Modeling Domain Independent Planning to Advance Application

This project is sponsored by National Science Foundation under grant # IIS-0138690. Any opinions, findings, and conclusions or recommendations expressed in this material are those of the author(s) and do not necessarily reflect the views of the National Science Foundation.

Project Description

Planning underlies any complex human endeavor -- from organizing a busy life to operating a large airline or testing large software systems. In each case, we need to track an enormous number of details, marshal resources and ensure that actions necessary to achieve our goals can be taken in a timely matter. However, automated planning has had little effect on how planning is actually accomplished.

Research on domain independent planning has made significant gains in recent years, as indicated by the emergence of several new techniques and considerable increases in the size of problems that can be solved. Unfortunately, those advances have not yet translated into many new applications or an understanding of what constitutes the best technique. On the contrary, we have evidence from several large scale comparisons that suggests that not all planners will do well on a particular domain, we have little evidence of how planners perform on realistic problems, and we have little understanding of why and when particular planners and planner types work well.
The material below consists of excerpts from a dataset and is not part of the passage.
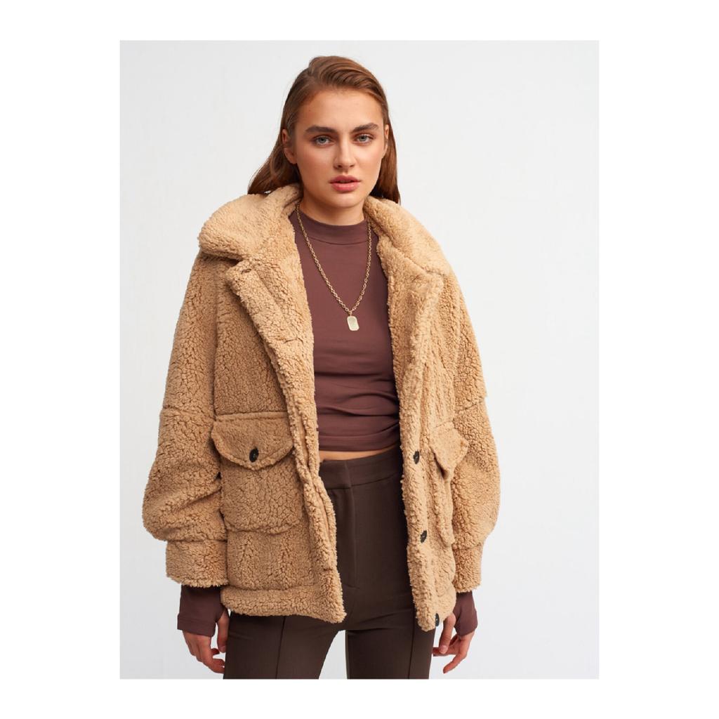 6821 Palton de pluș-bej închis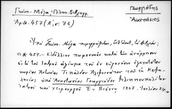 - Υπό Γκίνη - Μέξα περιγράφεται, ένθ΄ ανωτ., το βιβλίον: "* 457 - Ειδύλλιον ποιμενικόν κατά την ανάρρησιν εις το του ιατρού αξίωμα του εν ευγενέσιν εξοχωτάτου κυρίου Αντωνίου Τιπάλδου Αλιφονσάτου του εκ Κεφαληνίας υπό Αναστασίου Γεωργιάδου Φιλιππουπολίτου ιατρού και χειρουργού. Εν Βιέννη 1807, Ιουλίου 24"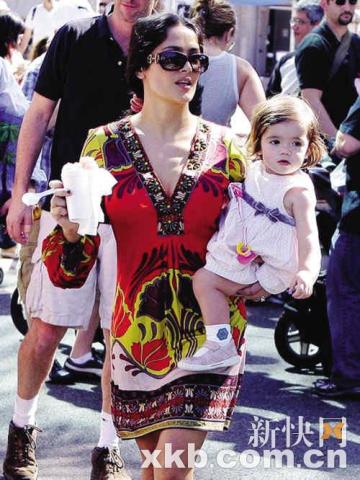 海耶克婚后首次亮相精神好 女兒宛若小公主(圖)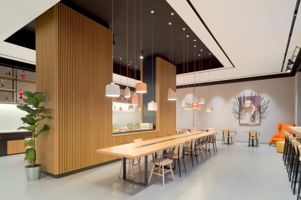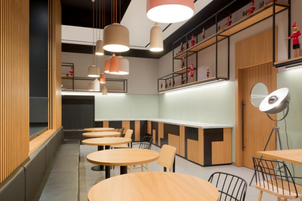 Al piano terra, nella sala colazioni, lo spazio è organizzato intorno a due elementi strutturali centrali rivestiti in listelli di legno. I materiali scelti per gli arredi sono il rovere con finitura naturale, la lamiera di ferro e il marmo di Carrara. Il design è di impatto e allo stesso tempo raffinato, caratterizzato da un intenso uso del colore, da dettagli unici, elementi d’epoca e superfici scabre, in un continuo gioco di equilibri tra rigore e morbidezza.

The key question that we propose to study is: What planner works well when? We propose to construct a metaplanner that will allow us to test performance of existing and hybridized planners on a suite of domains, especially more realistic domains. Based on the results of our studies, we will develop predictive models of planner performance that translate problem and domain features to estimates of how much time would be needed by a given planner to solve the problem. The models, in turn, will be operationalized in the metaplanner.
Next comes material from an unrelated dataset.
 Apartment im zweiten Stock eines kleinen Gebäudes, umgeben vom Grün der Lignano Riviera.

This research will extend some previous work in applying planning to automated software test generation. In that project, we were unable to find a single planner that could manage the scale of the application; consequently, we constructed a prototype metaplanner to schedule the efforts of six planners. While quite limited in the number of planners and the types of information it used to select from them, the metaplanner still showed promise for solving a broader set of problems in less than average time.

We propose to assist the transition to applications through three contributions. First, with the help of colleagues, we will collect and develop applications and realistic domains to augment the current benchmark set. Second, we will model the performance of state of the art planners, some new simplified, heuristic planners and some component combinations of planners on these new problems. The models will highlight the strengths and weaknesses of the planners and point out needed directions for research. Third, we will significantly enhance our metaplanner, which is directed by the models to select a planner to solve a particular domain/problem.  

People

We are part of the Artificial Intelligence Group in the Computer Science Department of Colorado State University.